The data:

BEGIN

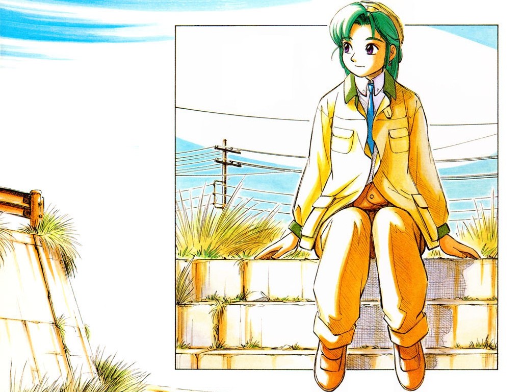 Description: A drawing of a person sitting on a ledge with a sky background and a building in the background with a telephone pole.
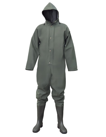 Der einteilige Overall wurde mit Hilfe der Technik des beidseitigen Presschweißens geferigt, was im wesentlichen die Wiederstandsfähigkeit der Nähte erhöht. Die eingeschweißten Gummistiefel bieten Dauerschutz gegen das Eindringen von Wasser.
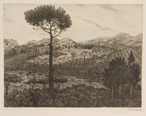 A. CAYLUS (1692-1765), Lombardische Landschaft mit vieltürmiger Stadt, Rad.
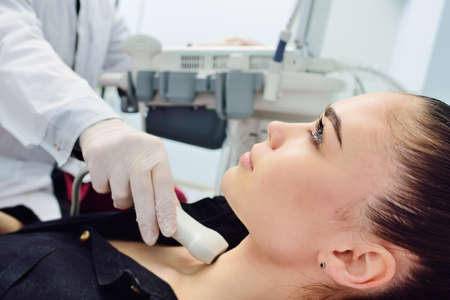 a doctor in a modern diagnostic clinic examines the thyroid gland of a patient of a young attractive woman on an ultrasound machine. Prevention of thyroid cancer.

END

Your goal: One exact copy of the data is required, and it should hold no pictures.

Output:
 Description: A drawing of a person sitting on a ledge with a sky background and a building in the background with a telephone pole.
 Der einteilige Overall wurde mit Hilfe der Technik des beidseitigen Presschweißens geferigt, was im wesentlichen die Wiederstandsfähigkeit der Nähte erhöht. Die eingeschweißten Gummistiefel bieten Dauerschutz gegen das Eindringen von Wasser.
 A. CAYLUS (1692-1765), Lombardische Landschaft mit vieltürmiger Stadt, Rad.
 a doctor in a modern diagnostic clinic examines the thyroid gland of a patient of a young attractive woman on an ultrasound machine. Prevention of thyroid cancer.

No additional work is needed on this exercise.